TASK STATEMENT>
Transcribe all the entries word for word, omitting any pictures they contain.

^^^^^^^^

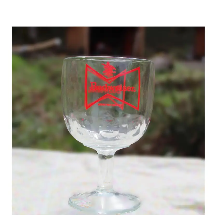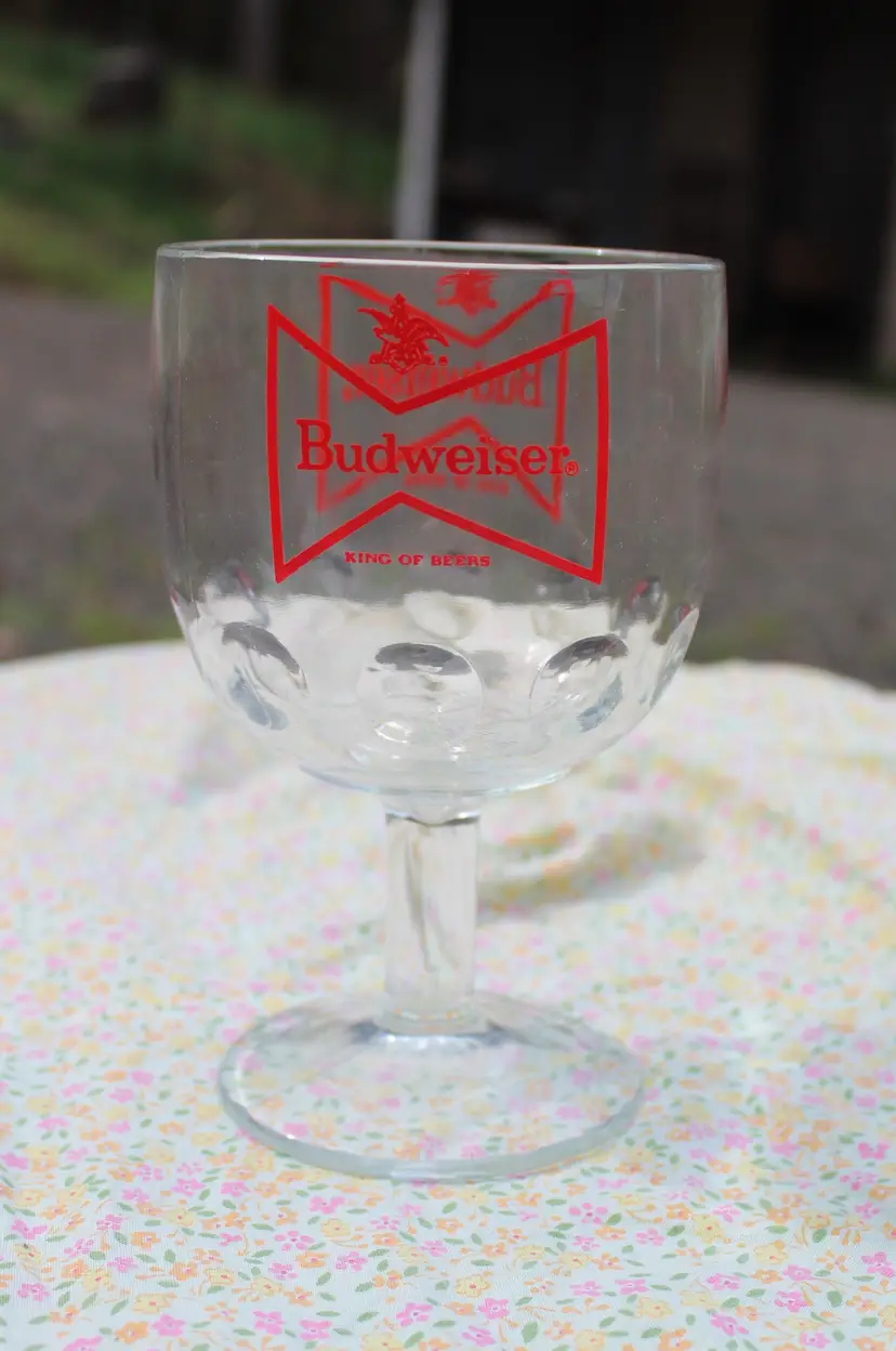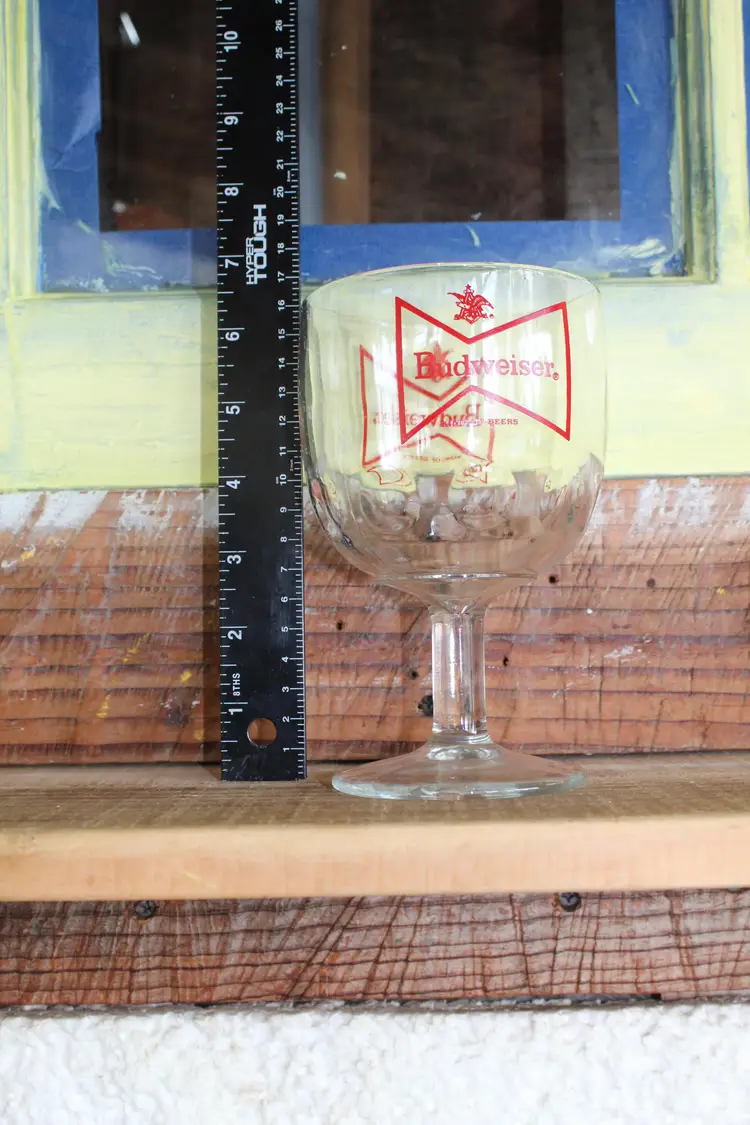 Step back in time with this vintage Budweiser chalice glass, featuring the iconic red bowtie logo. Perfect for beer enthusiasts and collectors of breweriana, this glass adds a touch of nostalgia to any barware collection. The sturdy design ensures it’s great for everyday use or as a display piece. Please view all photos for a closer look at this pre-owned treasure.
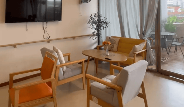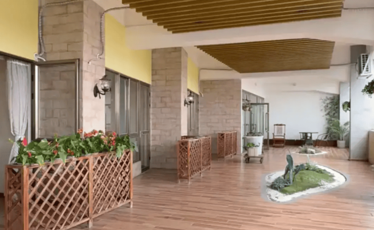 园区以现代简约风格为基底,融入镬耳墙、满洲窗等岭南建筑元素,8000平方米空间内,独立庭院、休闲步道与花园景观相映成趣。建筑层高仅4层,搭配医用电梯与无障碍通道,确保通行便捷。单人间配备270°观景阳台,双人间采用分床设计与共享会客区,套房含独立客厅与厨房,所有房型均标配防滑地胶、感应夜灯、圆角家具等200余项适老化细节。公共区域设置空中花园、棋牌室、KTV房等12类功能场室,采用吸音材料与防撞设计,兼顾社交需求与安全舒适。
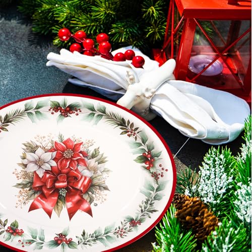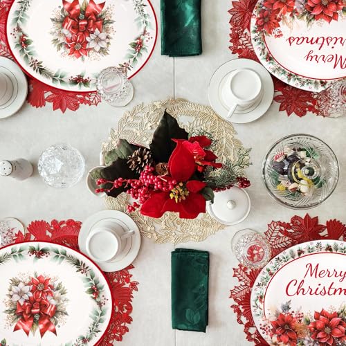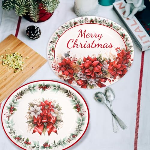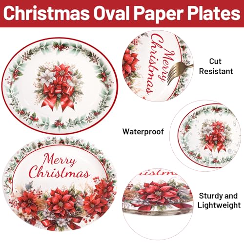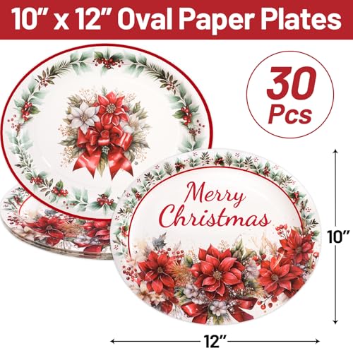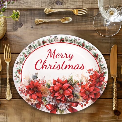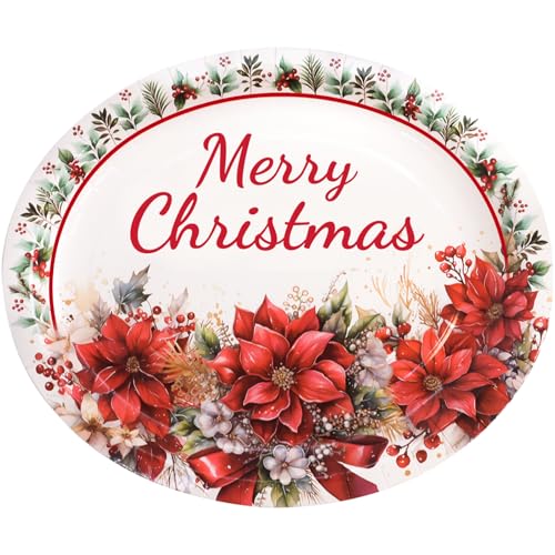 ceiba tree Christmas Oval Paper Plates 30 Pack Merry Christmas Poinsettia Disposable Party Plates Holiday Party Supplies
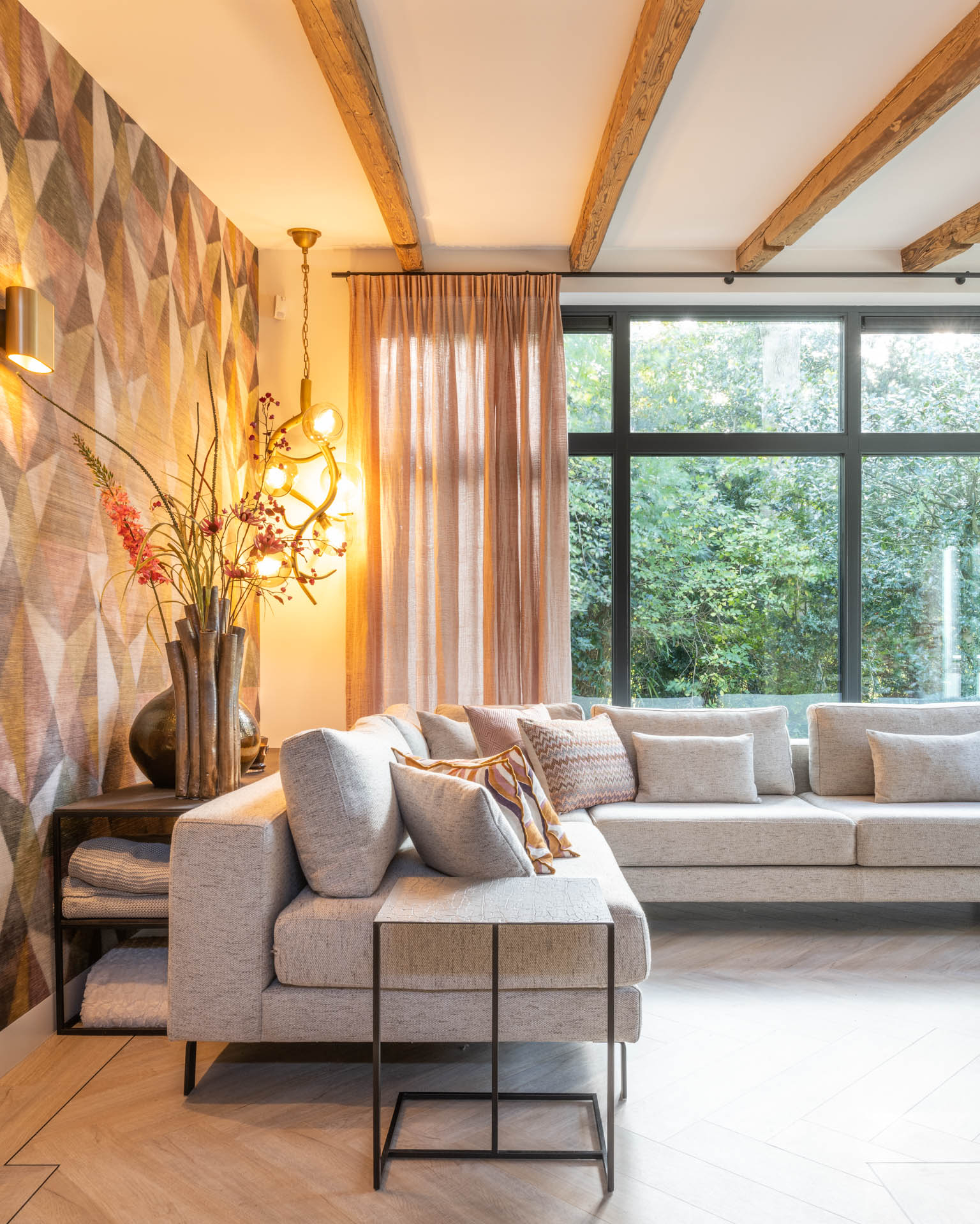 Dat dachten we eerst ook, maar met een goede bevestiging en slimme plaatsing is het juist een meerwaarde. Het brass plafondrek trekt de ruimte optisch omhoog en brengt warmte én licht zonder te overheersen.
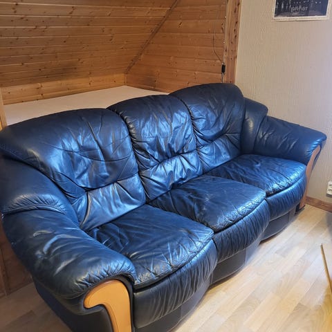Annetaan muuton tieltä valkoinen nahkasohva, vähän upottaa toinen istuin ja kulumaa/pinttymää värissä. Muuten siisti.
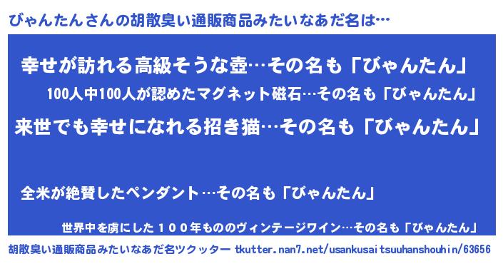 | 意味不明あだ名 | 『永久保存びゃんたん』 |
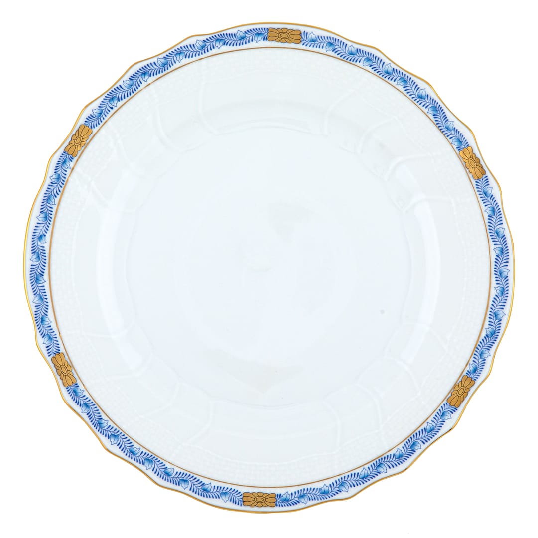 Martin’s Herend fine white porcelain dinner plate with hand painted Chinese Garland in the color blue with 24 karat gold accents and trim.
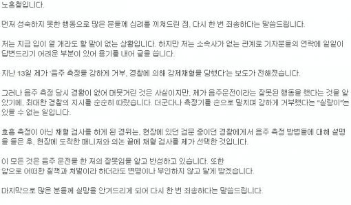 그러면서 "호흡 측정이 아닌 채혈 검사를 하게 된 경위는, 현장에 있던 검문 중이던 경찰에게서 음주 측정 방법들에 대해 설명을 들은 후, 현장에 도착한 매니저와 의논 끝에 채혈 검사를 제가 선택한 것입니다"라고 경위를 설명했다.
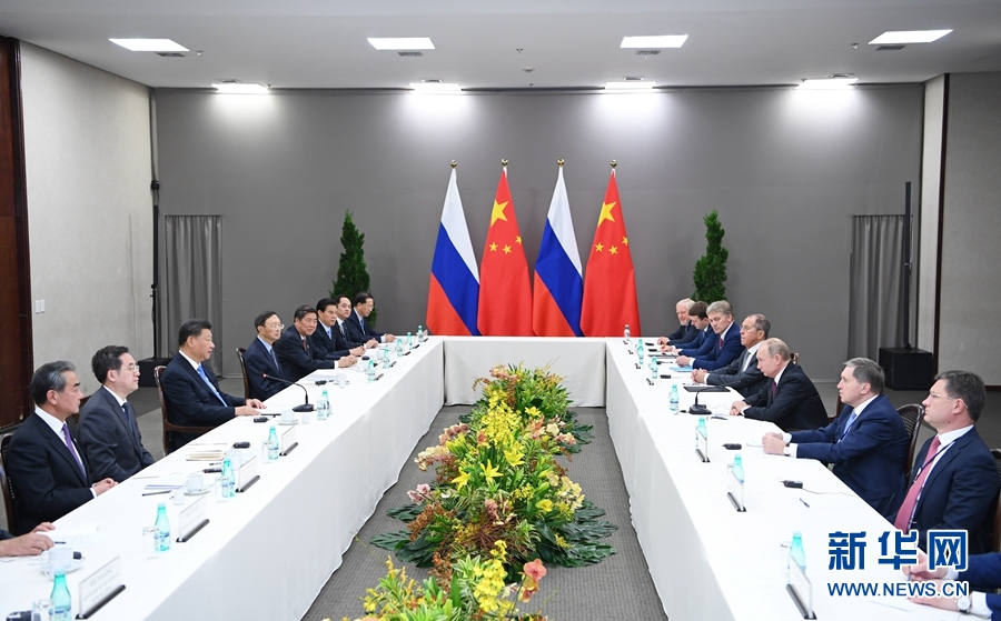當(dāng)?shù)貢r(shí)間11月13日,國(guó)家主席習(xí)近平在巴西利亞會(huì)見(jiàn)俄羅斯總統(tǒng)普京。新華社記者 龐興雷 攝
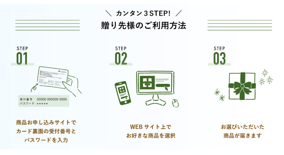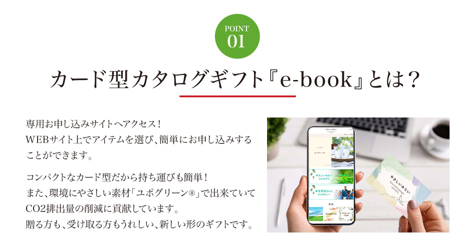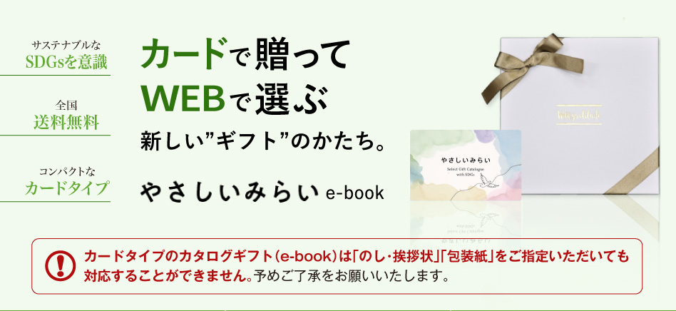 冊子タイプと同じアイテムをWEB上で選べるデジタル版カタログギフト「e-book(イーブック)」コンパクトなカード型だから持ち運びも簡単!贈る方も、受け取る方もうれしい、新しい形のギフトです。
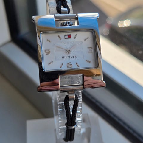 Tommy Hilfiger dameur fra 2012 med hvid urskive og hvid rem. Uret har tydelige tal og minutmarkeringer, samt en sølvfarvet ramme omkring urskiven. Remmen er lavet i et lyst materiale, som fremstår som plastik eller silikone. Uret leveres i original emballage med tilhørende dokumentation.

^^^^^^^^

EXERCISE RESPONSE>
 Step back in time with this vintage Budweiser chalice glass, featuring the iconic red bowtie logo. Perfect for beer enthusiasts and collectors of breweriana, this glass adds a touch of nostalgia to any barware collection. The sturdy design ensures it’s great for everyday use or as a display piece. Please view all photos for a closer look at this pre-owned treasure.
 园区以现代简约风格为基底,融入镬耳墙、满洲窗等岭南建筑元素,8000平方米空间内,独立庭院、休闲步道与花园景观相映成趣。建筑层高仅4层,搭配医用电梯与无障碍通道,确保通行便捷。单人间配备270°观景阳台,双人间采用分床设计与共享会客区,套房含独立客厅与厨房,所有房型均标配防滑地胶、感应夜灯、圆角家具等200余项适老化细节。公共区域设置空中花园、棋牌室、KTV房等12类功能场室,采用吸音材料与防撞设计,兼顾社交需求与安全舒适。
 ceiba tree Christmas Oval Paper Plates 30 Pack Merry Christmas Poinsettia Disposable Party Plates Holiday Party Supplies
 Dat dachten we eerst ook, maar met een goede bevestiging en slimme plaatsing is het juist een meerwaarde. Het brass plafondrek trekt de ruimte optisch omhoog en brengt warmte én licht zonder te overheersen.
Annetaan muuton tieltä valkoinen nahkasohva, vähän upottaa toinen istuin ja kulumaa/pinttymää värissä. Muuten siisti.
 | 意味不明あだ名 | 『永久保存びゃんたん』 |
 Martin’s Herend fine white porcelain dinner plate with hand painted Chinese Garland in the color blue with 24 karat gold accents and trim.
 그러면서 "호흡 측정이 아닌 채혈 검사를 하게 된 경위는, 현장에 있던 검문 중이던 경찰에게서 음주 측정 방법들에 대해 설명을 들은 후, 현장에 도착한 매니저와 의논 끝에 채혈 검사를 제가 선택한 것입니다"라고 경위를 설명했다.
當(dāng)?shù)貢r(shí)間11月13日,國(guó)家主席習(xí)近平在巴西利亞會(huì)見(jiàn)俄羅斯總統(tǒng)普京。新華社記者 龐興雷 攝
 冊子タイプと同じアイテムをWEB上で選べるデジタル版カタログギフト「e-book(イーブック)」コンパクトなカード型だから持ち運びも簡単!贈る方も、受け取る方もうれしい、新しい形のギフトです。
 Tommy Hilfiger dameur fra 2012 med hvid urskive og hvid rem. Uret har tydelige tal og minutmarkeringer, samt en sølvfarvet ramme omkring urskiven. Remmen er lavet i et lyst materiale, som fremstår som plastik eller silikone. Uret leveres i original emballage med tilhørende dokumentation.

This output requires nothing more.